Even so, moving through Stanstead is a breeze compared to the awfulness of Heathrow.
Malaga was even better. I was third off the plane, first to get to baggage reclaim, first to pick up my case, and first to the buses/taxis. There was very little traffic on the way into town, and so I was sitting on the bus to Algeciras within an hour of touching down. The flight itself had taken just two and a half hours.
The Costa Del Sol is boring, barren, dry, parched and scruffy. The hillsides are full of little outcrops of flats and timeshares - bland and sometimes downright ugly holiday 'units' piled on top of each other.
Some of these places are retirement homes. I can understand Brits who've enjoyed holidays in the Med coming to live here for the sunshine, sea and cheap booze, but in reality the Del Sol doesn't compare to South Devon, for example, for beauty and character. Places like South Hams, Dartmouth, Totnes, Ashburton, Brixham and Dartmoor are quite sublime.
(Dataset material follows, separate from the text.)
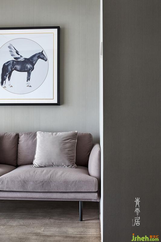 ▲主臥設(shè)計(jì)成了一個(gè)套間,進(jìn)門(mén)處是衣帽間+休息室的結(jié)合,香芋紫沙發(fā)與主臥顏色相互映襯,姜黃色點(diǎn)綴出舒服與活力間的平衡感。臨近陽(yáng)臺(tái)擺放桌椅,光線(xiàn)充足,休息室兼具梳妝臺(tái)的空間。

Onward we trundled past 'urbanisations' of ever-increasing hideousness. The flats might be perfectly decent inside, but from the outside they're just the lowest-cost solutions to providing the maximum number of storage and living spaces for human beings on any given plot of land.
Many of the new developments are now abandoned: unsold, and only half-completed. Cranes stand idle on deserted building sites. This is the reality of the drying up of credit and mortgages.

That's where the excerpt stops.